1. Integer sort_order

• ❌ Insert/reorder in middle → O(n) writes
• ❌ Poor concurrency characteristics (row conflicts)
• ❌ Expensive for large, frequently edited lists
• ✅ Simple and easy to reason about

👉 Works fine for small or mostly static datasets.

2. Sparse integers (e.g., 1000, 2000, 3000)

• ⚠️ Amortized O(1) inserts (while gaps exist)
• ⚠️ Eventually requires rebalancing
• ⚠️ Partial improvement for concurrency
• ✅ Simple upgrade over naive integers

👉 Often “good enough” when reordering is infrequent.

3. Fractional Indexing (modern approach)

• ✅ Amortized O(1) inserts
• ✅ Single-row writes for reordering
• ✅ Strong concurrency characteristics
• ✅ No periodic reindexing in normal operation

👉 Designed for dynamic, user-reordered, multi-user systems.

What Is Fractional Indexing?

Instead of integers, assign lexicographically sortable string keys.

Example:

Before: A ("a0") B ("a1") C ("a2")

Insert X between A and B: X gets → "a0V"

After: A ("a0") X ("a0V") B ("a1") C ("a2")

👉 Only one row is inserted/updated 👉 Ordering is handled via string comparison

How It Works (Intuition)

1. Use an ordered alphabet (commonly base-62: 0–9, A–Z, a–z)
2. Generate a key between two existing keys
3. If no space exists between them → extend key length
4. Growth is localized — only dense regions expand

👉 In practice, keys remain short for most workloads.

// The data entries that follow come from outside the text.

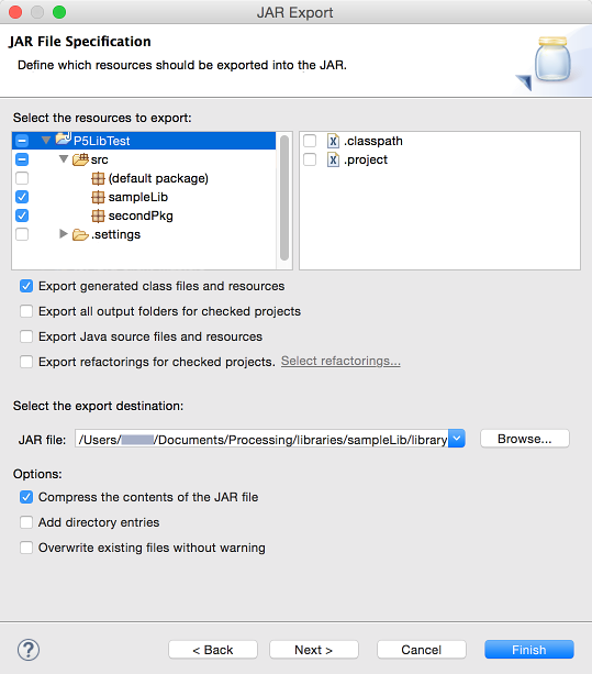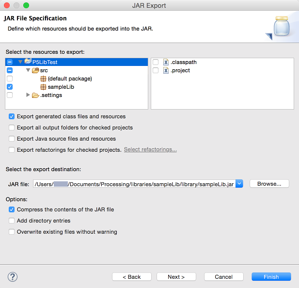 JAR file の出力ファイル名で「ライブラリ名」の部分は好きな名前を付けて下さい(ここでは sampleLib としてみましょう)。これが Processing が認識するライブラリの名前になります。jar ファイルの名前はライブラリ名と同一である必要があります。こんな感じ。
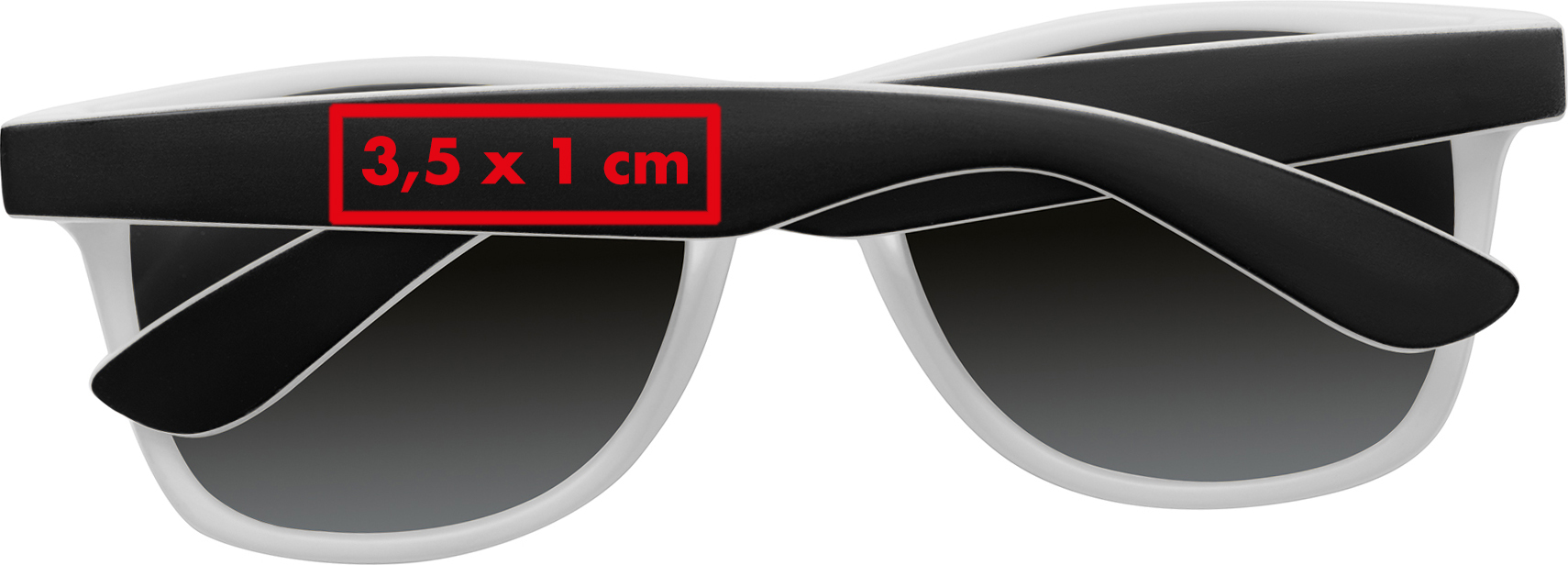 Stylische Sonnenbrille aus Kunststoff, zweifarbig mit verspiegelten Gläsern, die natürlich UV 400 Schutz der Filterkategorie 3 haben.Sonnenbrille mit Stil: Unsere stylische, zweifarbige Sonnenbrille mit verspiegelten Gläsern und individueller Werbung auf dem Bügel! Sie ist nicht nur ein modisches Accessoire, sondern auch ein effektiver Schutz für die Augen. Produkthighlights: Stilvolles Design: Die Sonnenbrille besticht durch ihr zweifarbiges, modernes Design, das für einen trendigen Look sorgt. Verspiegelte Gläser: Die verspiegelten Gläser sind nicht nur stylisch, sondern bieten auch ausgezeichneten Schutz vor schädlichen UV-Strahlen. Die Gläser entsprechen UV 400 Schutz und Filterkategorie 3. Hochwertiger Kunststoff: Die Sonnenbrille ist aus hochwertigem Kunststoff gefertigt, was für Langlebigkeit und Tragekomfort sorgt. Werbeanbringung: Ihre Werbung wird außen auf den schwarzen Bügel gedruckt, um sicherzustellen, dass Ihre Marke in der Öffentlichkeit präsent ist.
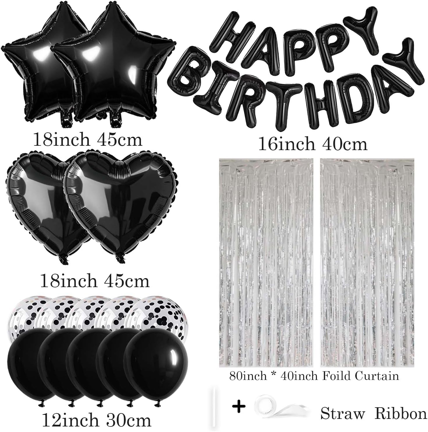 - Happy Birthday Balloon Kit: 13pcs 18inch aluminum foil happy birthday letters, 2 pack silver foil fringe curtains, 2pcs 18inch pentagram star balloons, 2pcs 18inch heart balloons, 5pcs 12inch Black confetti balloons, 5pcs 12inch Black balloons
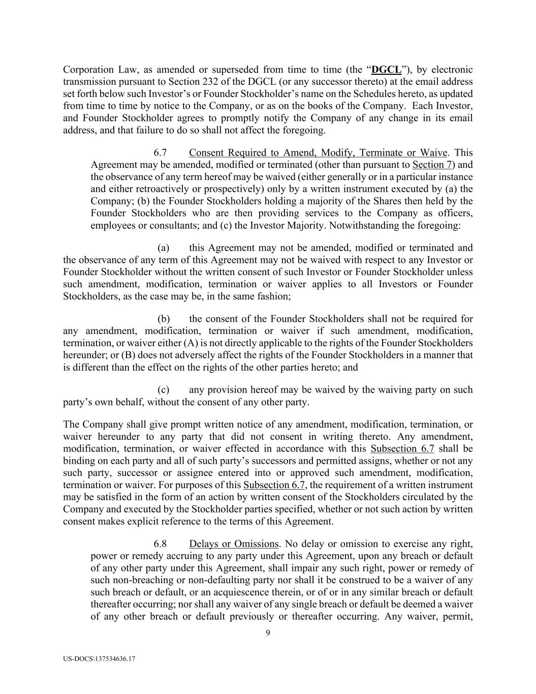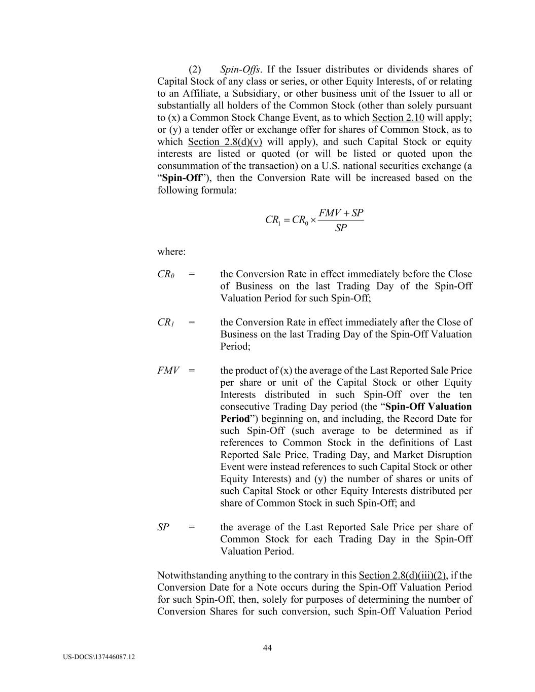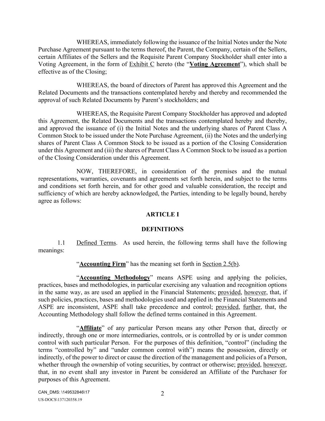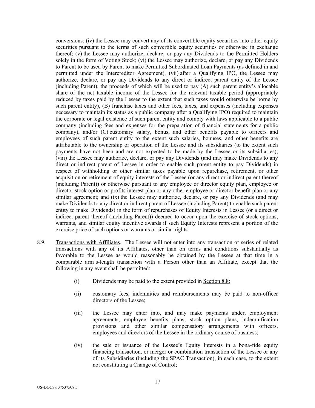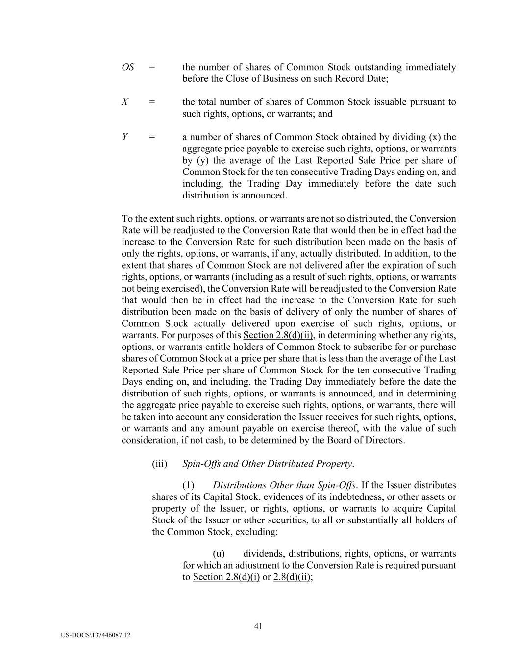 In addition, under the Voting Agreement, the Founder Stockholder agreed that he will voluntarily convert (in accordance with the terms of the Company’s Amended and Restated Certificate of Incorporation) into Class A Common Stock all of the shares of the Company’s Class X common stock, par value $0.0001 per share, that as of such time he beneficially owns, directly or indirectly, upon the conversion of all or a portion of the Notes into Class A Common Stock in accordance with their terms and, pursuant to which, immediately following such conversion, the Investors collectively beneficially own, directly or indirectly (but excluding from such calculation any shares of Class A Common Stock issuable in respect of Notes that have not been converted as of such time), at least 88,960,960 shares of Class A Common Stock, subject to appropriate adjustment for any stock splits, stock dividends, combinations, recapitalizations and the like.
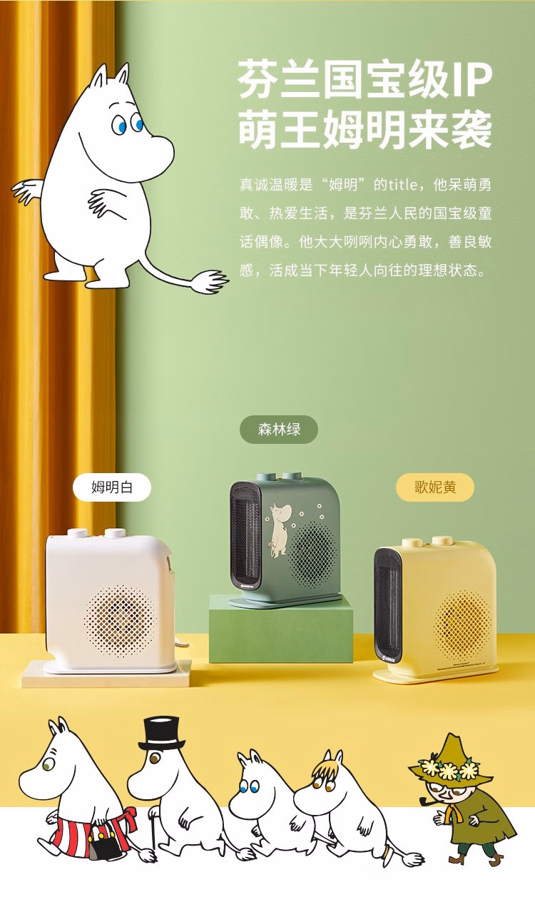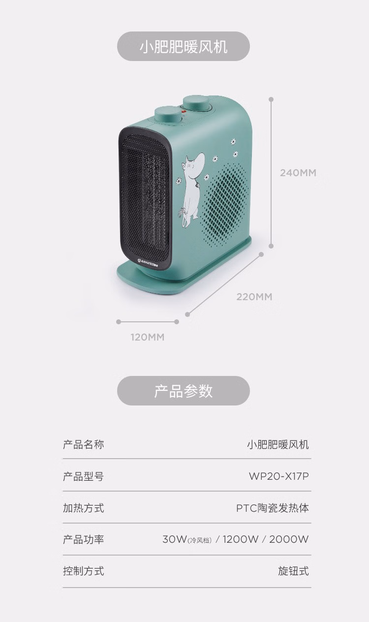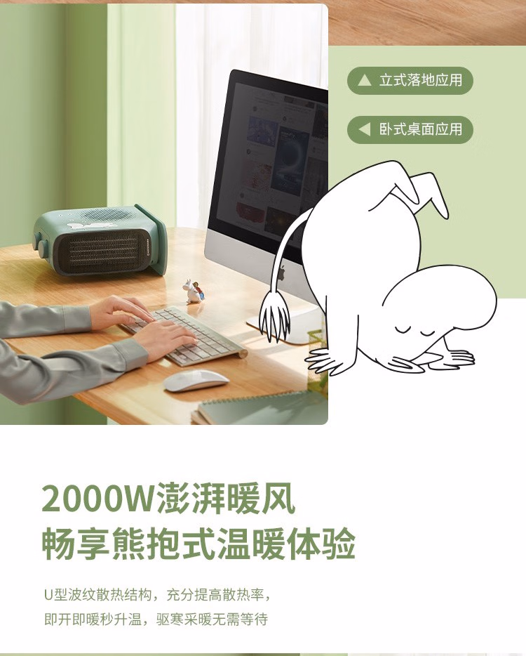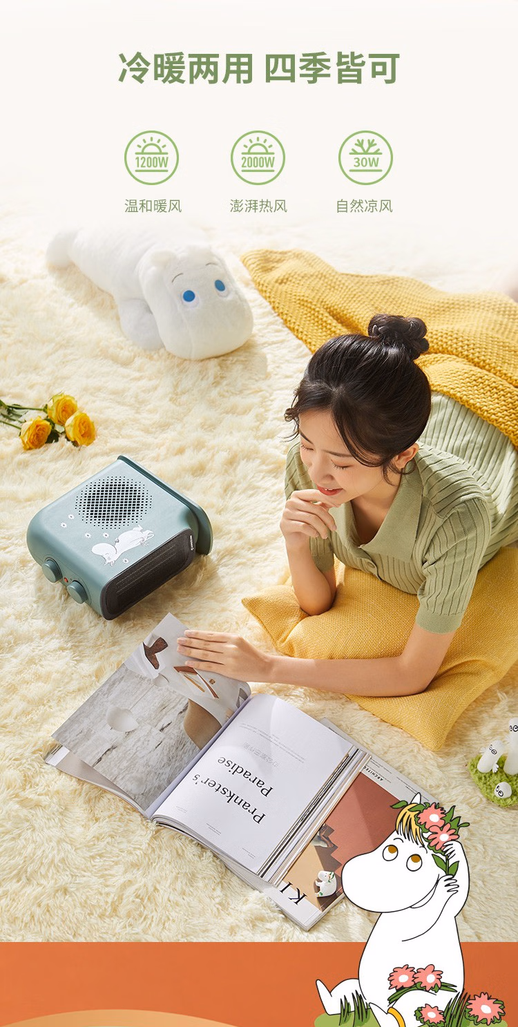 艾美特(AIRMATE) 取暖器暖风机桌面宿舍办公家用节能小型电暖气速热电暖器 WP20-X17P-2绿色姆明联名款

Complexity (Accurate View)

• Inserts: Amortized O(1)
• Worst case: O(k) where k = key length
• Reads: O(log n) (via indexed sort)

👉 Crucially: avoids O(n) rewrite cascades.

Concurrency Behavior

Fractional indexing is highly concurrency-friendly, but not magic:

• Two clients inserting at the same position may generate the same key
• Collisions are rare and handled via retry or tie-breaking
• No large-scale row conflicts like integer shifting

👉 Net effect: dramatically fewer conflicts in collaborative systems.

Why This Matters (Especially for IDP)

If you’re building document processing or workflow systems:

Think:

• Invoice line items
• Contract clauses
• Extracted fields with human corrections
• Template + runtime data merging

With integer ordering: ❌ Many rows rewritten per edit ❌ Conflicts during concurrent changes ❌ Audit logs filled with mechanical updates

With fractional indexing: ✅ Single-row inserts ✅ Minimal conflict surface ✅ Cleaner, intent-driven audit trails

Recommended Schema

id            → UUID  
document_id   → UUID  
sort_key      → VARCHAR(64)  
field_name    → VARCHAR  
field_value   → TEXT  
confidence    → FLOAT  
        

Add an index on:

(document_id, sort_key)
        

👉 Efficient ordered reads + localized writes.

Getting Started

import { generateKeyBetween } from 'fractional-indexing';

const first  = generateKeyBetween(null, null);    // "a0"
const second = generateKeyBetween(first, null);   // "a1"
const middle = generateKeyBetween(first, second); // "a0V"
        

👉 Libraries handle edge cases like key growth and collisions.

Trade-offs (Don’t Skip This)

• Keys grow in length in densely edited regions
• Slightly more complex mental model than integers
• Rare collisions require retry logic
• Debugging order is less intuitive than numeric fields

👉 Trade complexity for scalability and correctness.

Key Takeaways

• Integer ordering causes O(n) write amplification
• Sparse integers delay the problem but don’t eliminate it
• Fractional indexing provides amortized O(1) inserts
• Well-suited for collaborative and reorder-heavy systems
• Easy to implement, hard to outgrow

Next time you reach for sort_order INTEGER, pause.

Ask yourself: 👉 “Will this list ever be reordered frequently or concurrently?”

If yes — You already know the better approach.